Exercise brief
In this exercise, the entries below include pictures. Repeat exactly the lines from the line with "Вид на город, расположенный" to the line with "Wi-Fi裝置定位系統提供3", including both, but without the pictures.

Record excerpts
§
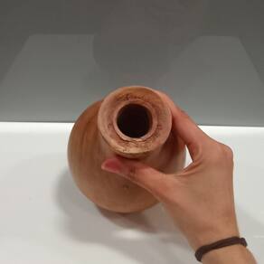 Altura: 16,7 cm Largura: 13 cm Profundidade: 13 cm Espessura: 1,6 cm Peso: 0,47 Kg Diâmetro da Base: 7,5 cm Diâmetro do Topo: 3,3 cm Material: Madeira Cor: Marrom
§
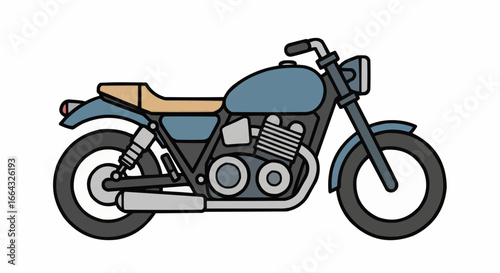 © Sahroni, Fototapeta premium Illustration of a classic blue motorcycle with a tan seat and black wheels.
§
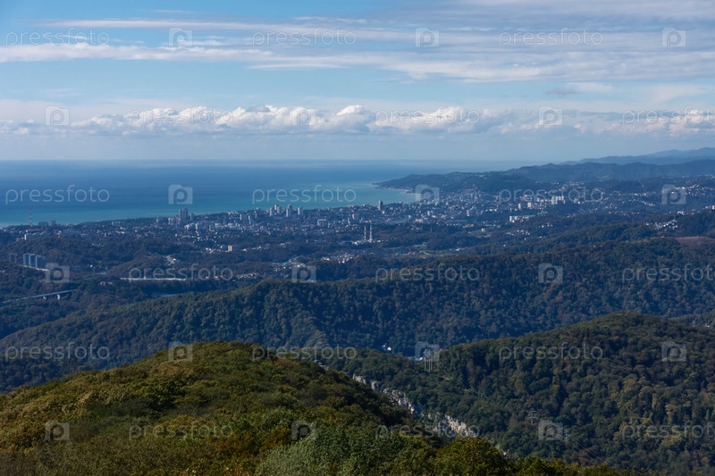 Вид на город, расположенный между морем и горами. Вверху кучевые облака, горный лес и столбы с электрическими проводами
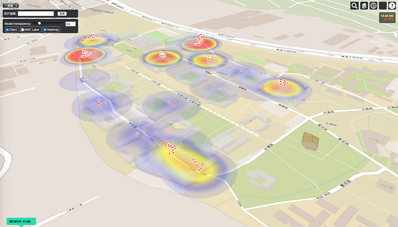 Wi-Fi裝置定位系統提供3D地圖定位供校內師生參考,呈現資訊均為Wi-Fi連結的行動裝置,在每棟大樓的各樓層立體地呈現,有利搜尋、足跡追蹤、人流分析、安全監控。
§
Answer for this exercise
 Вид на город, расположенный между морем и горами. Вверху кучевые облака, горный лес и столбы с электрическими проводами
 Wi-Fi裝置定位系統提供3D地圖定位供校內師生參考,呈現資訊均為Wi-Fi連結的行動裝置,在每棟大樓的各樓層立體地呈現,有利搜尋、足跡追蹤、人流分析、安全監控。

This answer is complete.